Title :
Empirical study on crawler visibility of PDF documents in digital libraries
Author :
Weideman, Melius
Author_Institution :
Dept. of Res. Dev., Cape Peninsula Univ. of Technol., Cape Town, South Africa
Abstract :
Digital library users might not enter a digital library through homepage menus. As a result, digital library owners should consider the visibility to search engines of stored PDF documents. The aim of this research project was to determine to what extent the visibility of these PDF documents can be improved. In a series of empirical experiments, 100 PDF documents stored on digital libraries were identified an inspected. Searches were done for them and rankings on search engine result pages recorded. The current visibility of these documents was then calculated. After submission to Google, a waiting period was allowed for crawler visitation and the searches repeated. The results of these experiments proved that the visibility of these documents could be improved only marginally.
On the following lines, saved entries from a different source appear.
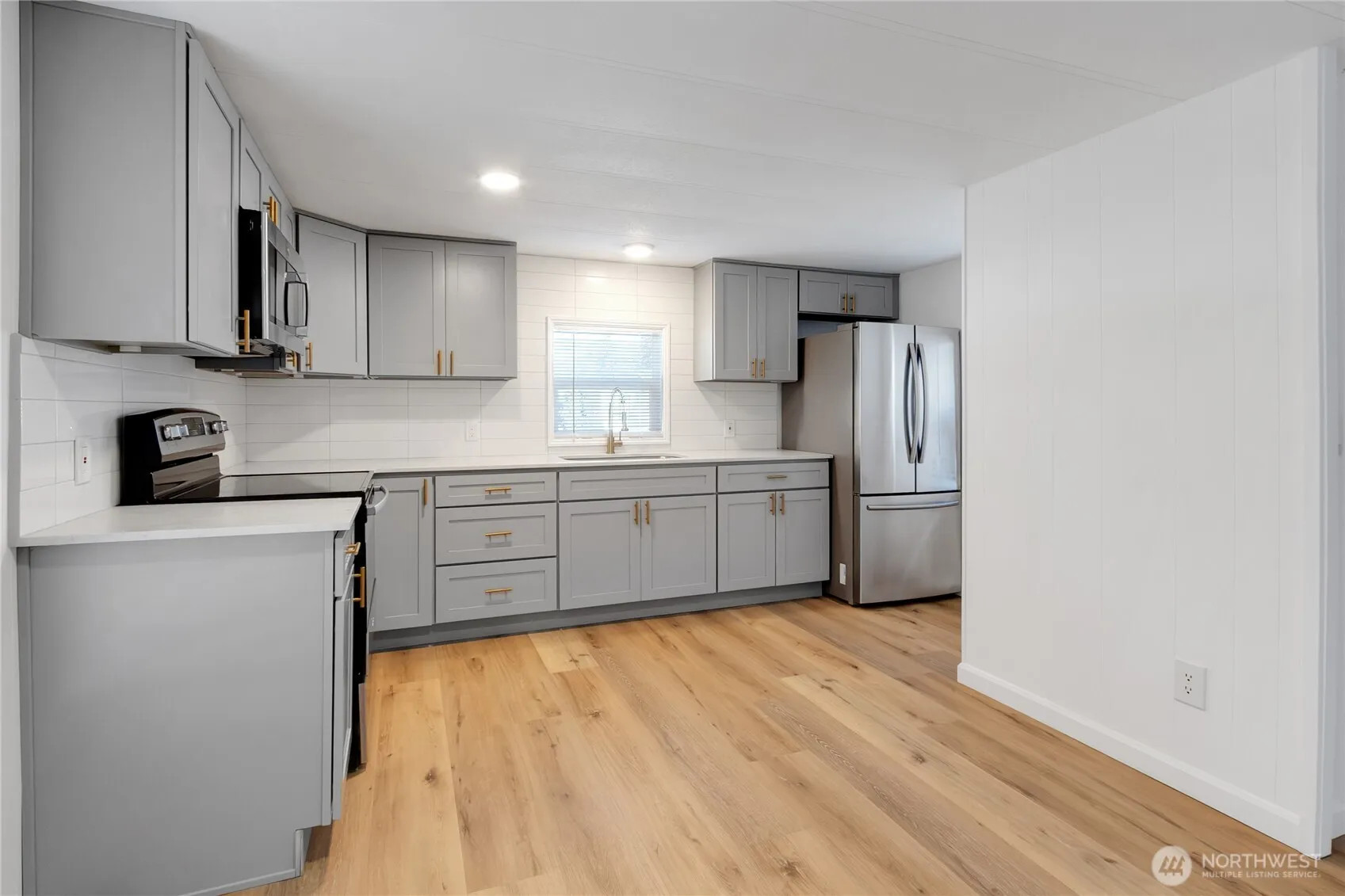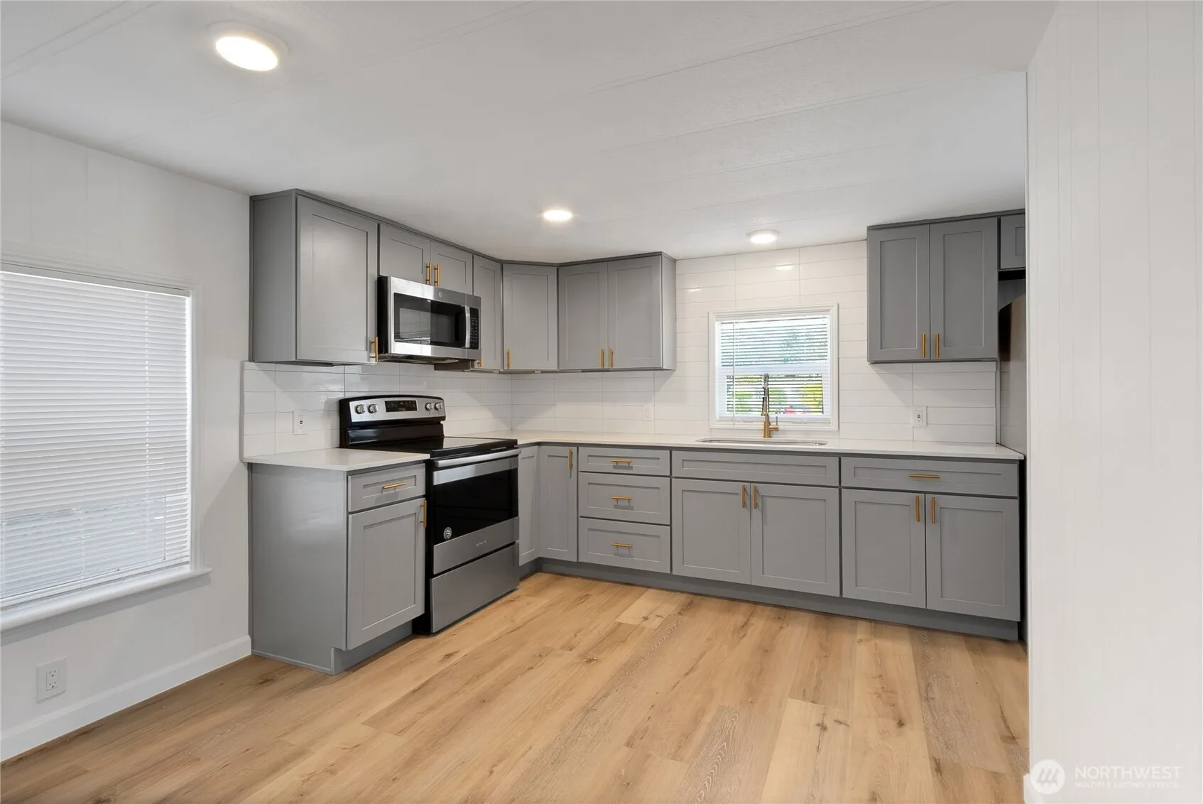 Wonderful Remodeled in Fairfield Estates a 55+ community! Home offers 2 bedrooms 1 bathroom. Brand new kitchen w/lots of cabinet space & beautiful 3-seems quartz countertops w/backsplash~New stainless steel appliances included. Spacious living room open to the kitchen and dining space. Two spacious bedrooms with a large closet and a gorgeous bathroom. New waterproof laminate flooring throughout the home & new carpet in the bedrooms. New windows~New lighting features~this MH is better than new. Plenty of parking space 2-car carport & 2 more spaces on the driveway~large storage/shop space w/power and a large covered deck for BBQ. This park is spotless and well-managed.
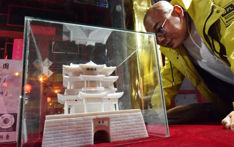 一名游客被一件缩微版清远楼玉雕吸引 陈晓东 摄
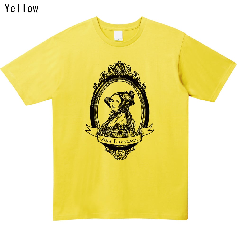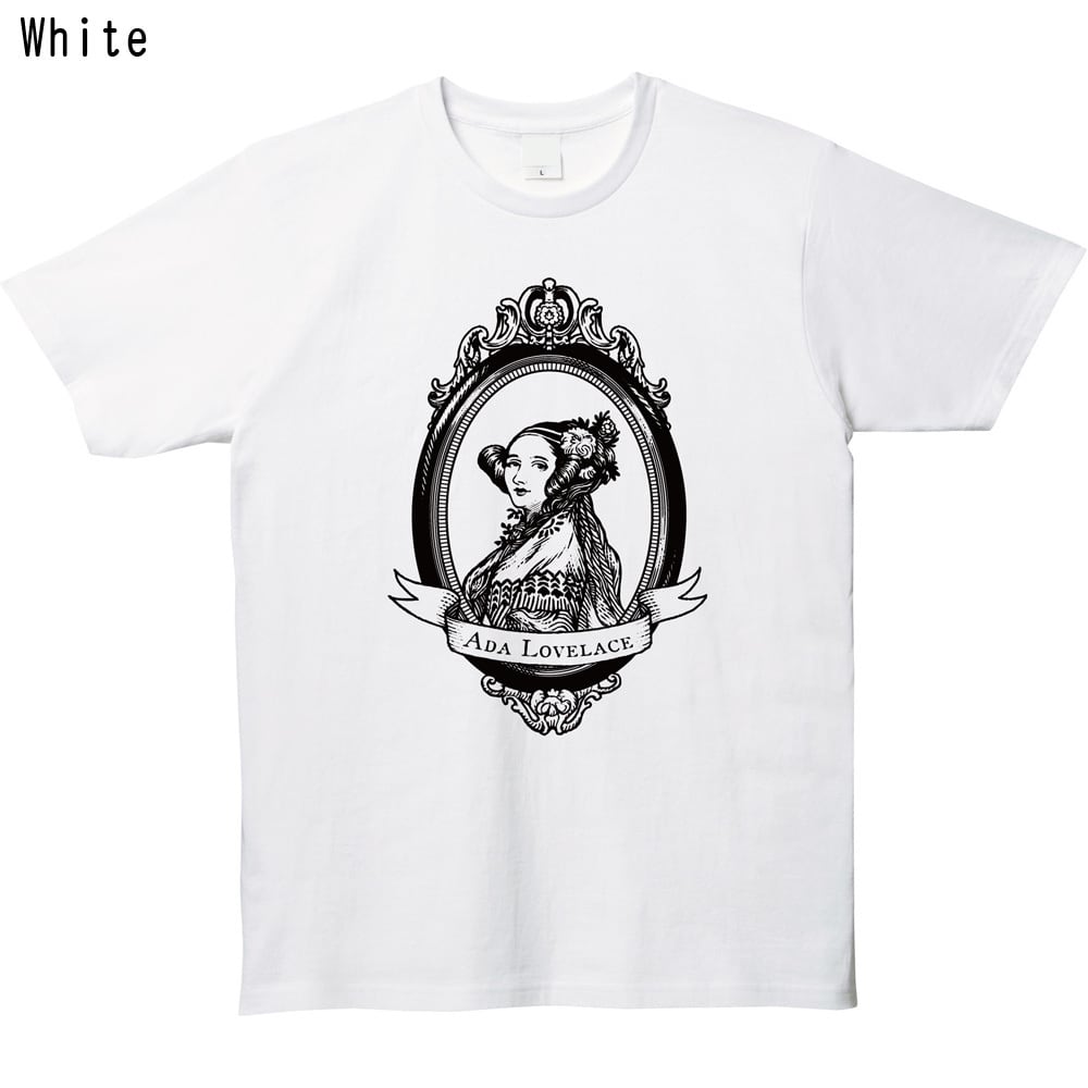 コンピュータサイエンスの母、エイダ・ラブレスの肖像をあしらった、知的でクラシカルなプリントTシャツです。
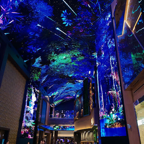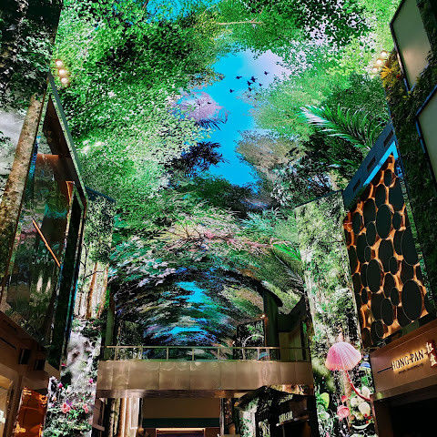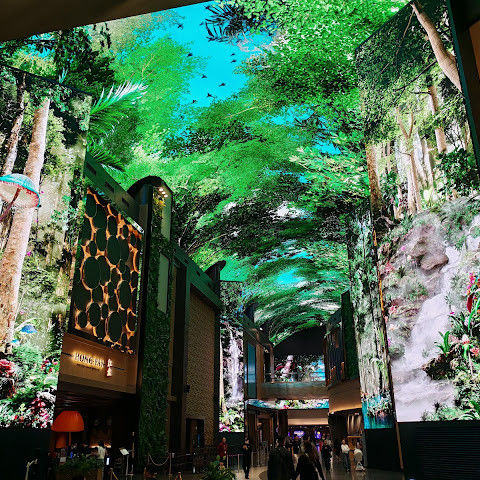 방문하기 좋은 멋진 쇼핑몰이에요. 오아시스 푸드코트에서 4만 원 쓰면 주차가 하루 종일 무료예요. 오로라 쇼는 이제 매시간 상영됩니다. 로툰다 챈들러는 2025년 9월부터 고장 났어요.
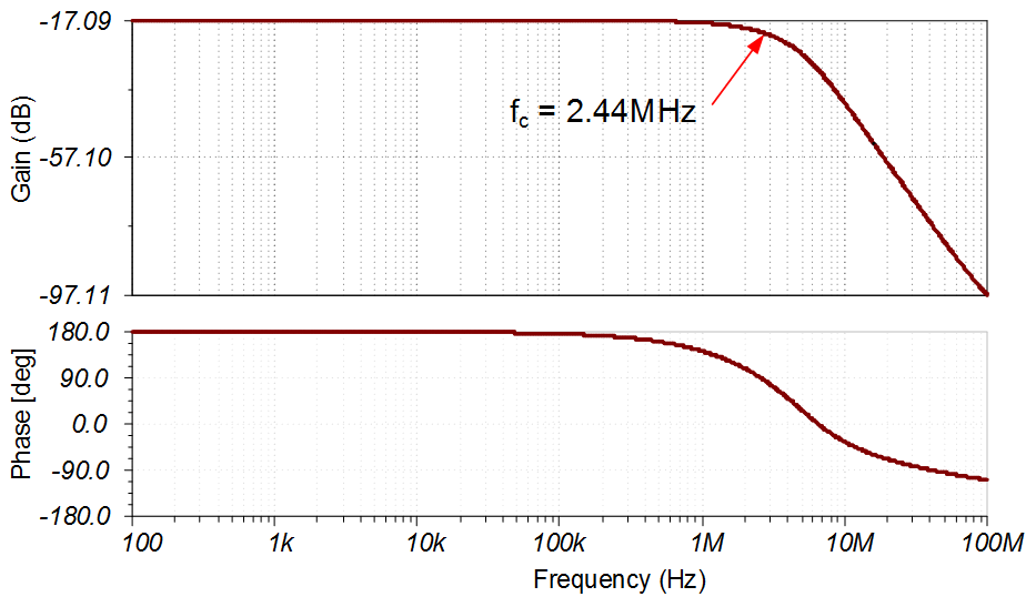 帶寬受限于 Cf × Rf 濾波器 (fc1 = 3.39MHz) 和輸出濾波器 (fc1 = 4.92MHz)。這兩個極點組合形成一個二階濾波器,其仿真的截止頻率為 2.44MHz。有關該主題的更多詳細信息,請觀看運算放大器帶寬 視頻系列。

It is therefore concluded that the designers of university digital libraries should consider other alternatives, such as providing text extracts of PDF documents, to enhance the overall visibility of content.
Keywords :
digital libraries; search engines; PDF document; crawler visibility; digital library; university library; Crawlers; Internet; Libraries; Noise measurement; Robustness; Runtime; PDF document; digital library; search engine crawler;
Conference_Titel :
Computer Science and Information Technology (ICCSIT), 2010 3rd IEEE International Conference on
Conference_Location :
Chengdu
Print_ISBN :
978-1-4244-5537-9
DOI :
10.1109/ICCSIT.2010.5563944